◆ REQUIREMENT
For this exercise, return only the lines in the records below from the one holding "However, the fact" through the one holding "(1) Side Frame", including both, exactly as they appear and without pictures.

_ _ _ _

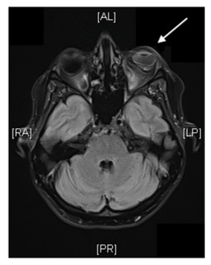
Fig. 3. Magnetic resonance brain imaging (T2 sequence, TIRM, dark-fluid, transverse section) 9 days after ophthalmic artery occlusion after hyaluronic acid filler injection. The extent of the deformed, collapsed left globe (arrow) gets obvious. Signal enhancement in the left orbit is detectable, indicating increased liquid content.

retinal artery filling with ischemic retinal areas. The OCT revealed internal and external retinal atrophy with loss of retinal architecture (Fig. 5). 2.5 months after the incident the clinical findings remained constant (Fig. 6).
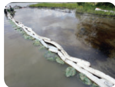
Figure 1 This floating boom has trapped most of the spilled oil.

However, the fact that oil is less dense than water is helpful in cleaning up oil spills. Floating booms are used to encircle oil spills on the surface of the water (Figure 1). Then, collection devices scoop, soak, or suck up much of the captured oil.
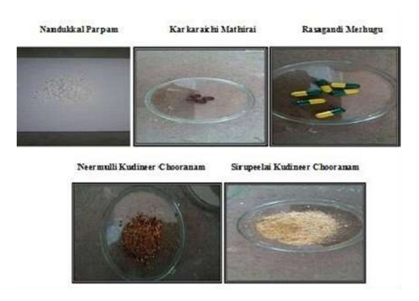
Figure 1. Dosage forms of chosen Siddha Formulations
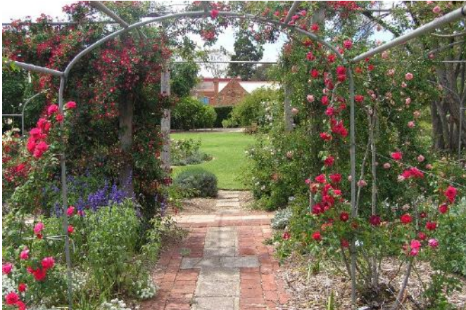
The Rose Garden.

It was a pleasure to welcome the 84 delegates attending the International Conference of the Mediterranean Garden Society to the Arboretum and Gardens on 27 th October. The Rose Garden looked stunning and the visitors loved the Garden of Discovery which the South Australian branch of the MGS have adopted as a project.
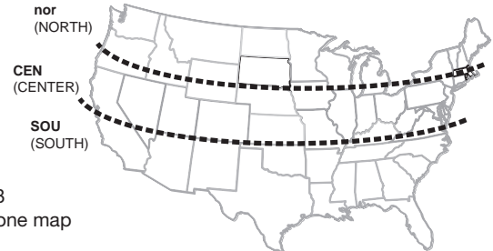
Figure 3 Astro zone map
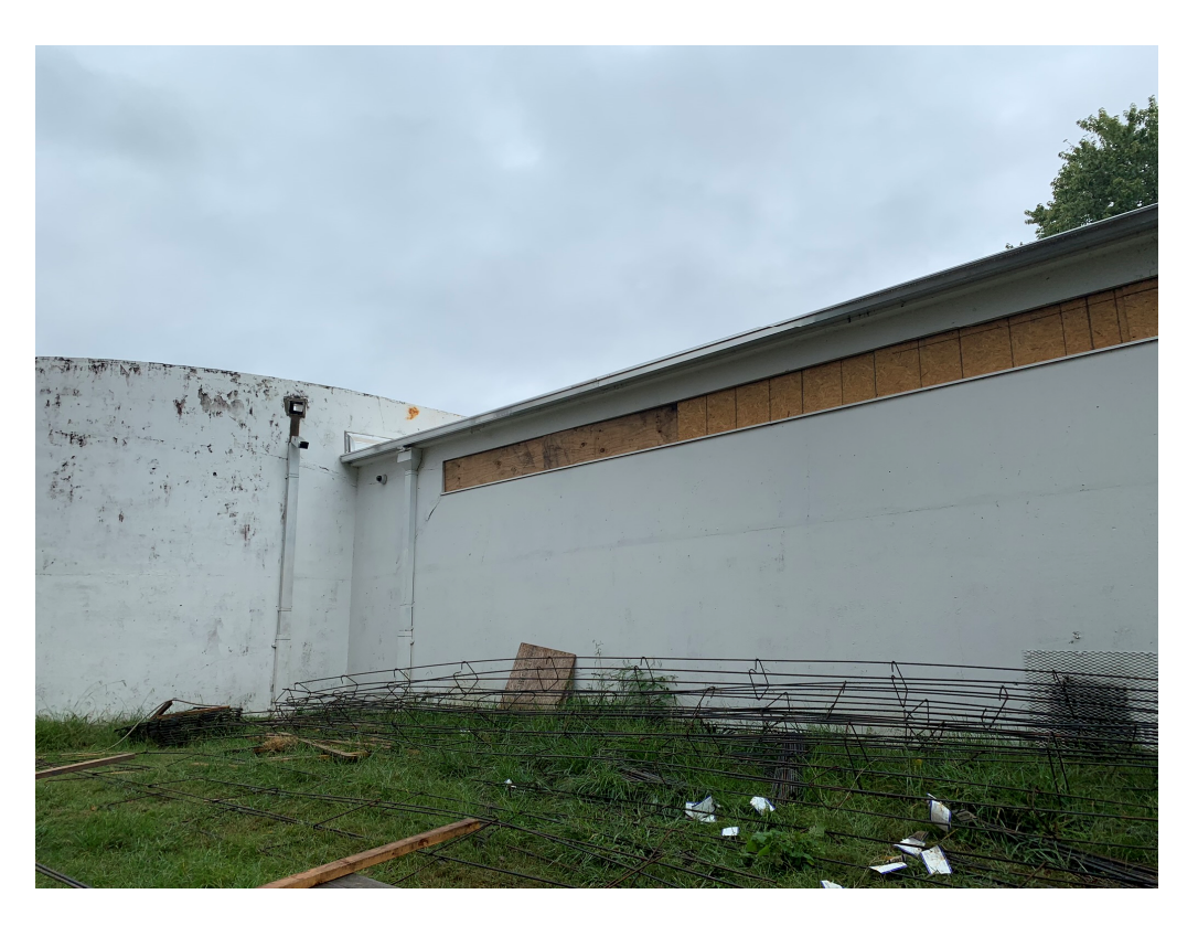
Figure 14 – New Gutter at Roof
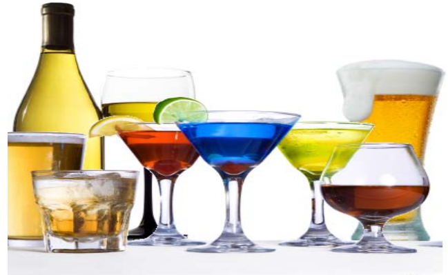
Perception of Weight and Drinking

“Nondrinkers” reported not drinking any alcohol in the past 30 days. “Current drinkers” reported having at least one drink of alcohol in the past 30 days. “Youth” are 9th-12th grade students attending Michigan public high schools. **BMI” is a measure of body fat based on weight & height, for more information, visit: http://cdc.gov/healthyweight/assessing/index.html
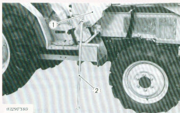
(1) Side Frame
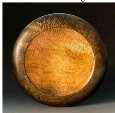
Ebonised Mango bowl
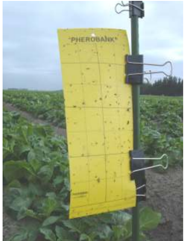
Yellow sticky traps in a potato field.
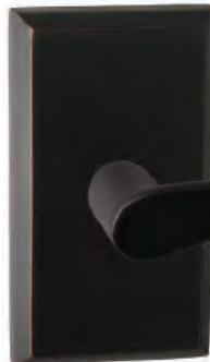
935G-1 Handed (US10B, US15) Function Passage/Privacy $154 Half Dummy $77
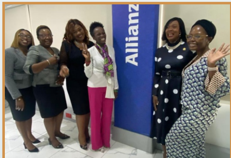
PILA VISIT TO ALLIANZ
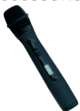
SQ-5016 Handheld MIC/Transmitter
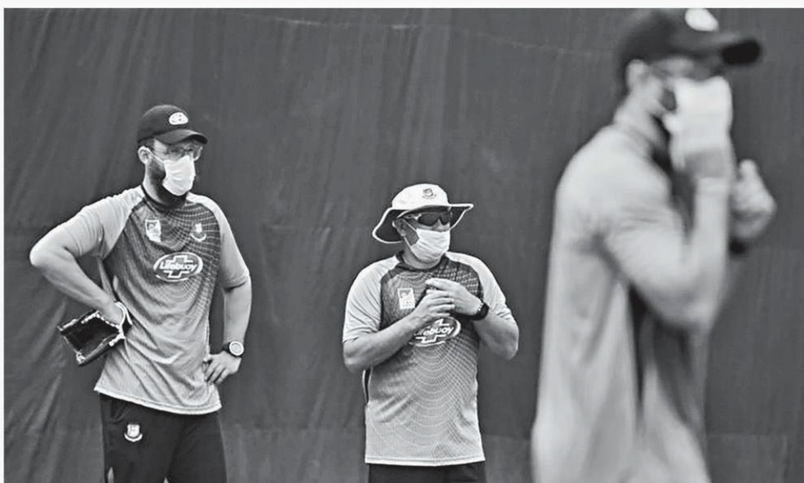
Bangladesh's bowling coach Daniel Vettori, head coach Russell Domingo and batting coach Neil McKenzie wearing masks look on during a practice session ahead of their Twenty20 cricket match against India in New Delhi, India, November 1, 2019.

But Bangladesh beat India in another three-day match. According to the Air Quality Index, the air of Dhaka was the most polluted in the world
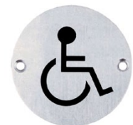
BTX-02-018 For Handicapped S.S.
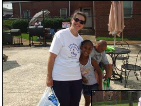
The Square Pegs visit the United Methodist Children's Home in Decatur
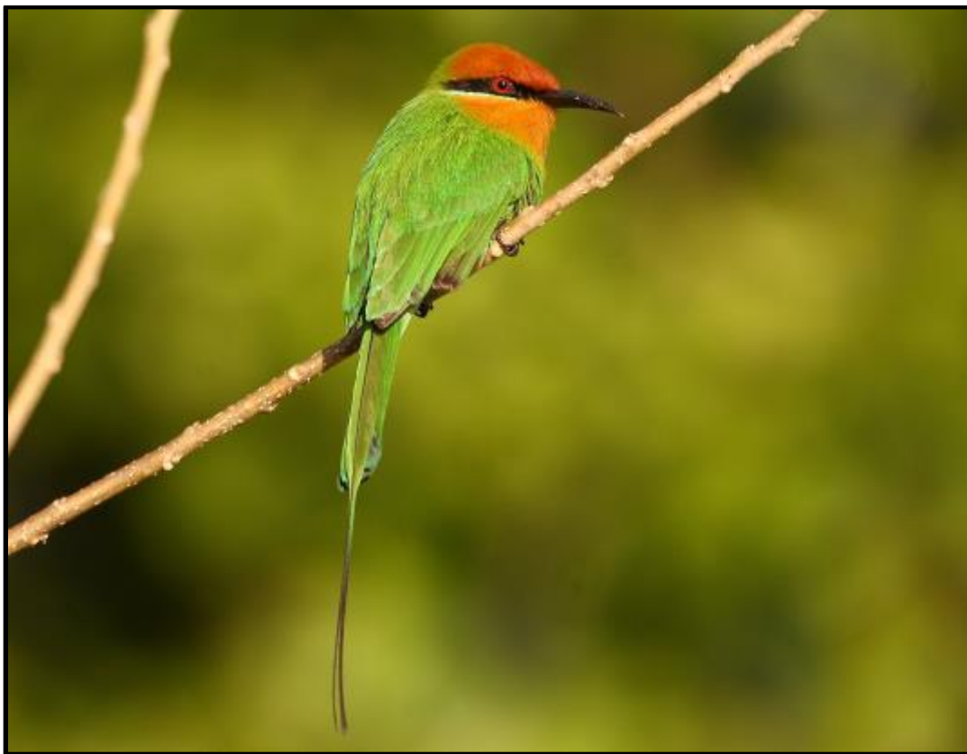
Bohm's Bee-eater
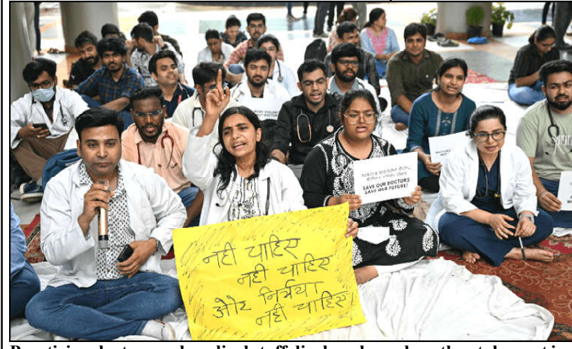
Practicing doctors and medical staff display placards as they take part in a protest against the incident of rape and murder of a young medic in Kolkata, during a demonstration held at a government hospital in New Delhi.

Lam, who is also the state president of the Southeast Asian nation, is planning to arrive in China on Aug 18.
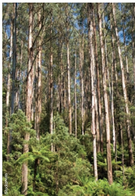
Tall eucalypt forest, Victoria.

Warra Long-term Ecological Research Site website: www.warra.com
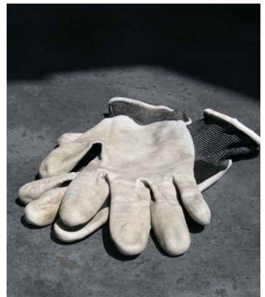
Each and every slab is hand-cast and hand-finished.
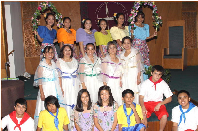
▲ The Columbia Fil-Am Cultural Dance Troupe performers take time to pose before performing the bulaklakan, Jovencita, and tinikling dances during the International Day of Peace celebration held at the Unitarian-Universalist Fellowship of Columbia on September 20, 2009 .

Last year's gala raised funds for the Philippine Red Cross to benefit Philippine calamity victims. Previously, the FAAGC gala benefited four Philippine orphanages and child welfare institutions. ❖
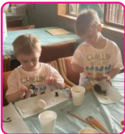
Post 15 has many talent artist helping the Easter Bunny
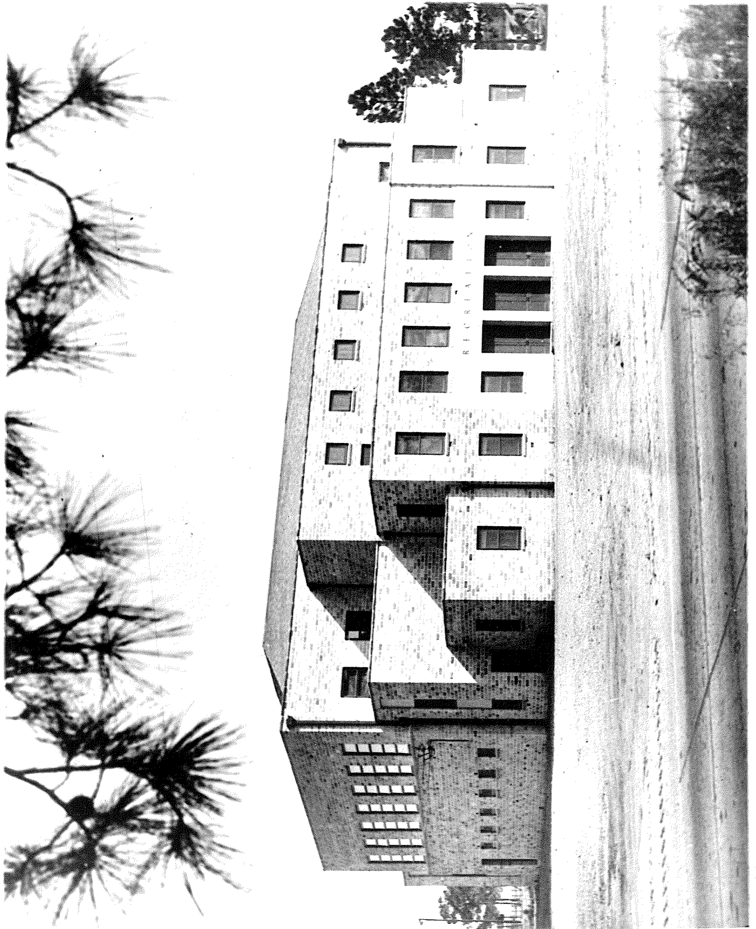
Recreation Building (Fireproof) City of Pascagoula, Mississippi
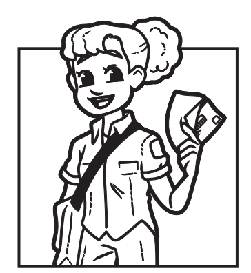
Staple or glue
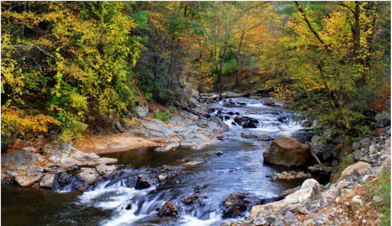
White water | Virginia Department of Conservation and Recreation
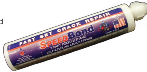
ENVIRONMENTALLY SAFE, WATERBASE
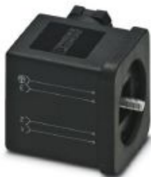
Valve connectors, Universal, 4-position, Valve connector AD (pressure switch), Screw connection, cable gland M16, external cable diameter 6 mm ... 8 mm

Please be informed that the data shown in this PDF Document is generated from our Online Catalog. Please find the complete data in the user's documentation. Our General Terms of Use for Downloads are valid ( http://phoenixcontact.com/download )

_ _ _ _

◆ WRITTEN ANSWER
However, the fact that oil is less dense than water is helpful in cleaning up oil spills. Floating booms are used to encircle oil spills on the surface of the water (Figure 1). Then, collection devices scoop, soak, or suck up much of the captured oil.
Figure 1. Dosage forms of chosen Siddha Formulations
The Rose Garden.

It was a pleasure to welcome the 84 delegates attending the International Conference of the Mediterranean Garden Society to the Arboretum and Gardens on 27 th October. The Rose Garden looked stunning and the visitors loved the Garden of Discovery which the South Australian branch of the MGS have adopted as a project.
Figure 3 Astro zone map
Figure 14 – New Gutter at Roof
Perception of Weight and Drinking

“Nondrinkers” reported not drinking any alcohol in the past 30 days. “Current drinkers” reported having at least one drink of alcohol in the past 30 days. “Youth” are 9th-12th grade students attending Michigan public high schools. **BMI” is a measure of body fat based on weight & height, for more information, visit: http://cdc.gov/healthyweight/assessing/index.html
(1) Side Frame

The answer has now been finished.